[[ Dataset extract, beginning ]]

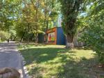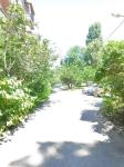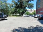 Тихий двор, есть детская площадка и стадион ограждён сеткой.
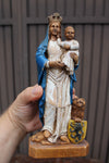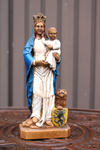 Vintage flemish ceramic statue of our lady of flanderswith lion, the symbol of flanders , next to her23,5...
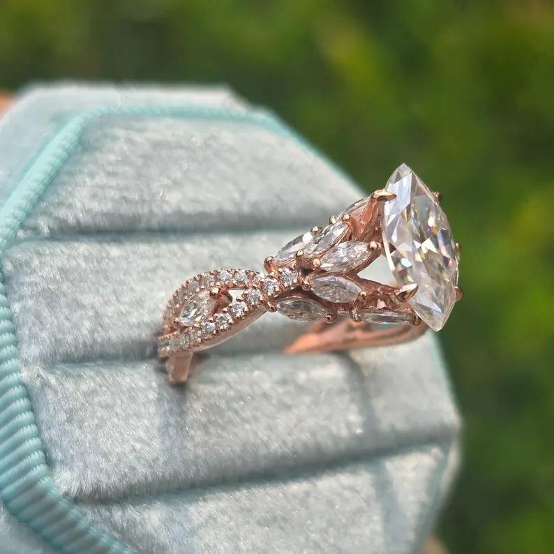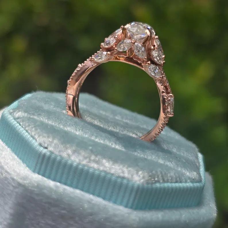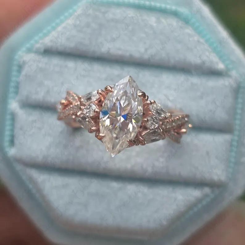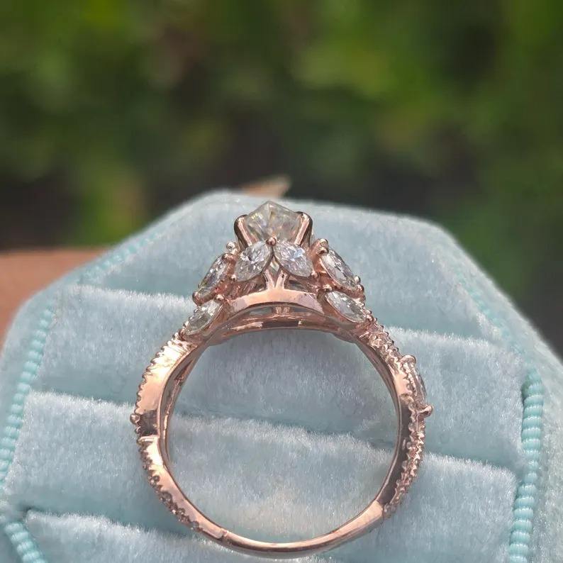 แหวนหมั้นเพชรโมอิสเพชรโมอิส925วินเทจสำหรับผู้หญิงแหวนแต่งงานประดับเพชรโมอิสซาไนต์ประดับเพชรอัญมณีสีเงินลายดอกไม้
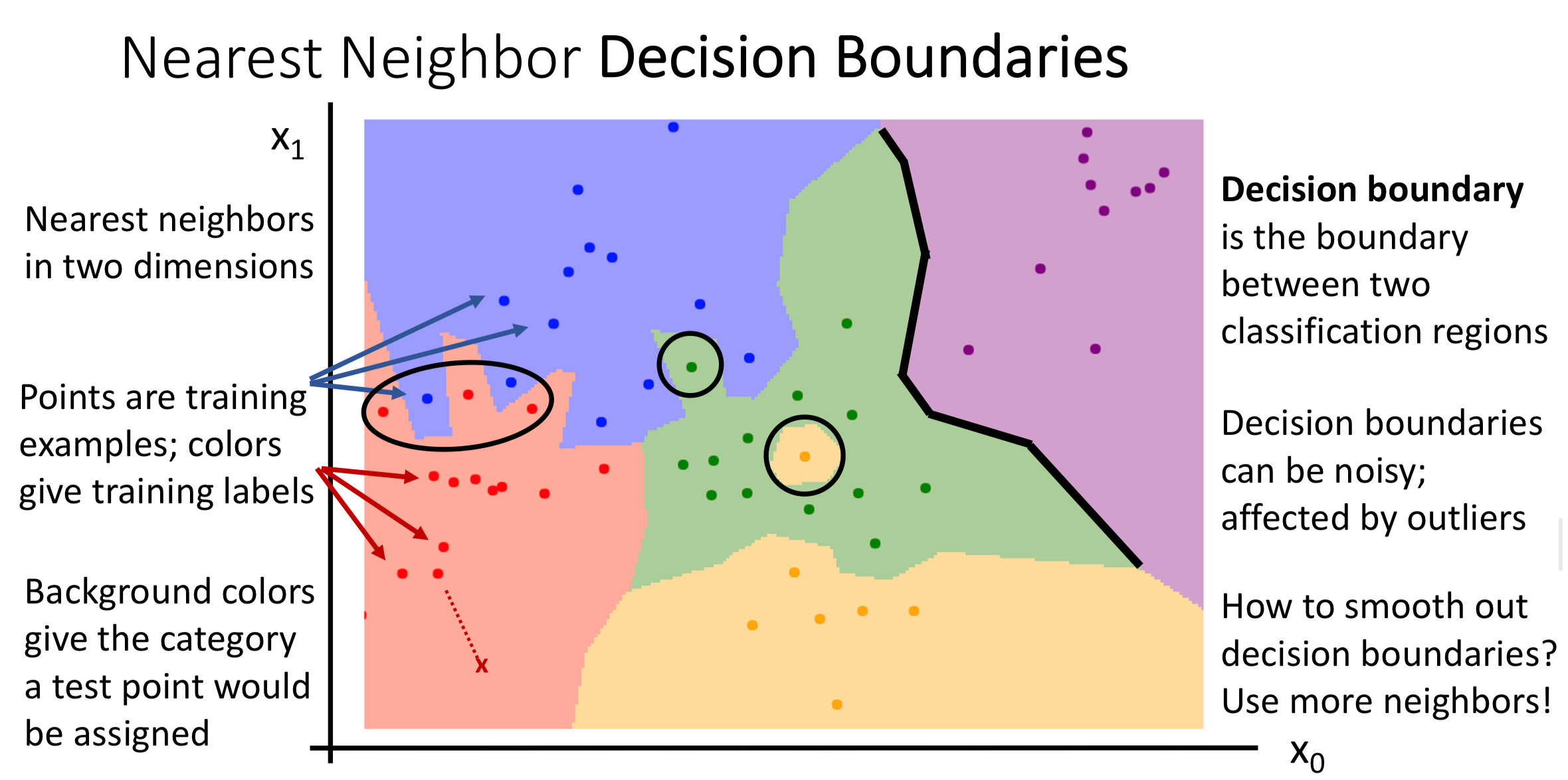 Instead of copying label from the nearest neighbor, we take the majority vote from closest points
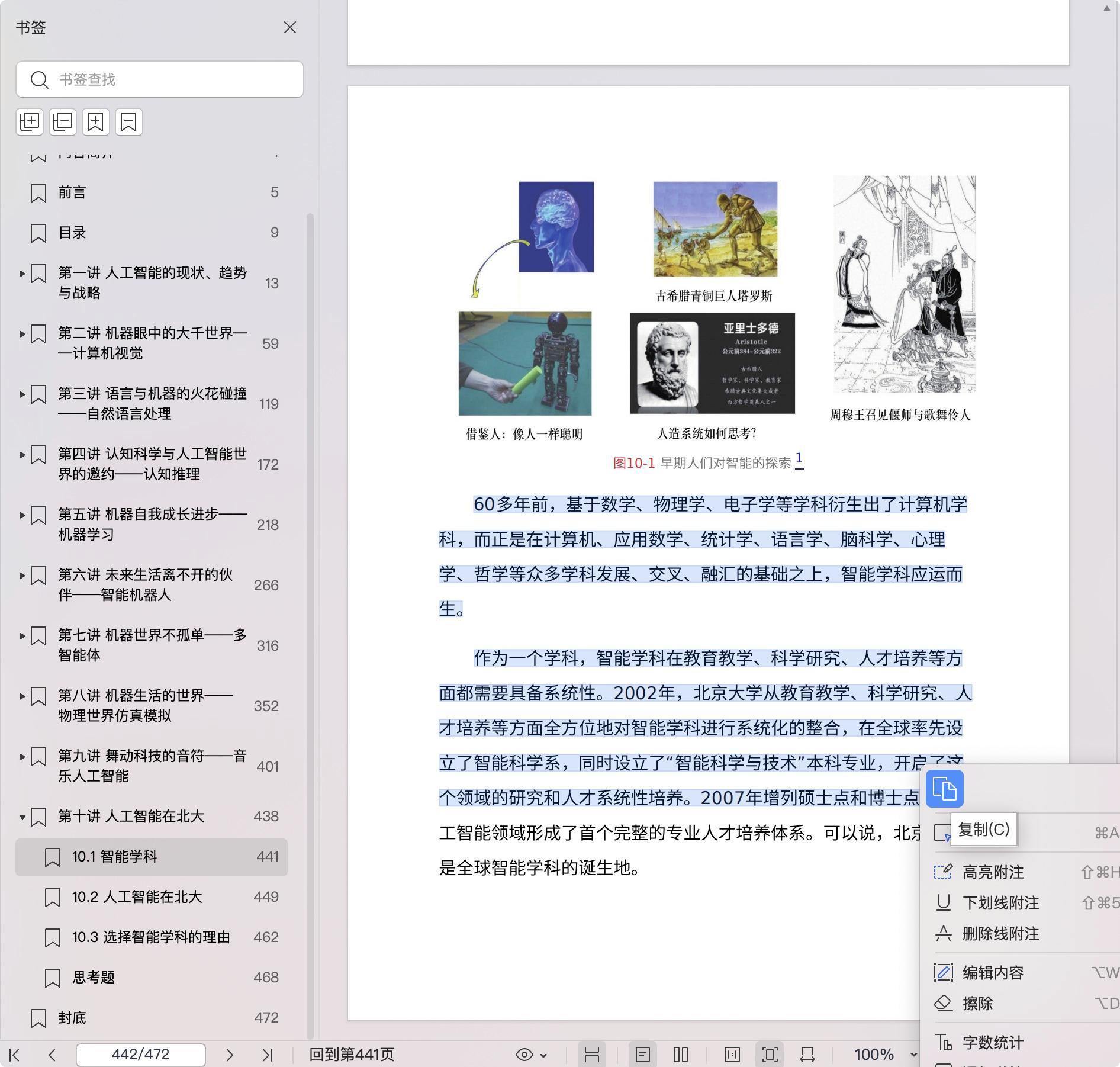 本书是关于人工智能(AI)是什么、研究什么及其应用与发展现状的科普读物,分十讲进行编写:第一讲,人工智能的现状、趋势与战略;第二讲,机器眼中的大千世界——计算机视觉;第三讲,语言与机器的火花碰撞——自然语言处理;第四讲,认知科学与AI世界的邀约——认知推理;第五讲,机器自我成长进步——机器学习;第六讲,未来生活离不开的伙伴——智能机器人;第七讲,机器世界不孤单——多智能体;第八讲,机器生活的世界——物理世界仿真模拟;第九讲,舞动科技的音符——人工智能音乐;第十讲,人工智能在北大。
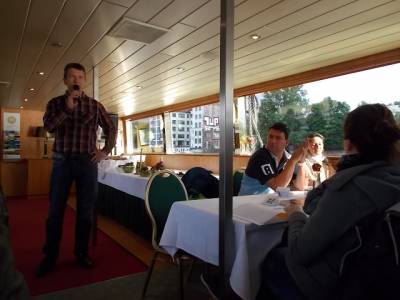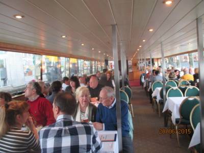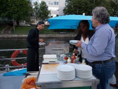 Auf der Strecke Richtung Innenstadt ging es ab der O2 World u.a. an dem Stadtschloss Rohbau vorbei, dem Reichstag, der Museumsinsel. Bei frischem Grillfleisch vom bordeigenen Grillmeister, ließen sich, wie in jedem Jahr perfekt neue Kontakte knüpfen, alte vertiefen und vielleicht der eine oder andere Geschäftsabschluss anbahnen. Die Fahrt bis in die Nacht hat den Teilnehmern gut gefallen. Im nächsten Jahr (2016) soll die Fahrt dann auf einer anderen Strecke auf der Spree entlang stattfinden.
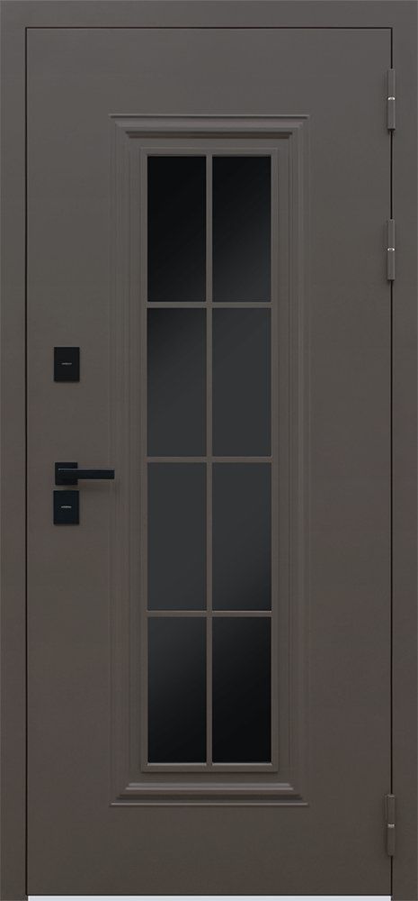 Модель «Тундра» с окном выполнена по технологии терморазрыва и оснащена лаконичной английской решеткой. Идеально подходит для загородных домов и коттеджей с холодным тамбуром. Конструкция обеспечивает надежную защиту, долговечность и высокую теплоизоляцию.

[[ Dataset extract, end ]]

* Problem requirements
All that is wanted is each line, word for word, from the first line of the data to the one holding "本书是关于人工智能(AI)是", with the pictures left out.

* Written answer
 Тихий двор, есть детская площадка и стадион ограждён сеткой.
 Vintage flemish ceramic statue of our lady of flanderswith lion, the symbol of flanders , next to her23,5...
 แหวนหมั้นเพชรโมอิสเพชรโมอิส925วินเทจสำหรับผู้หญิงแหวนแต่งงานประดับเพชรโมอิสซาไนต์ประดับเพชรอัญมณีสีเงินลายดอกไม้
 Instead of copying label from the nearest neighbor, we take the majority vote from closest points
 本书是关于人工智能(AI)是什么、研究什么及其应用与发展现状的科普读物,分十讲进行编写:第一讲,人工智能的现状、趋势与战略;第二讲,机器眼中的大千世界——计算机视觉;第三讲,语言与机器的火花碰撞——自然语言处理;第四讲,认知科学与AI世界的邀约——认知推理;第五讲,机器自我成长进步——机器学习;第六讲,未来生活离不开的伙伴——智能机器人;第七讲,机器世界不孤单——多智能体;第八讲,机器生活的世界——物理世界仿真模拟;第九讲,舞动科技的音符——人工智能音乐;第十讲,人工智能在北大。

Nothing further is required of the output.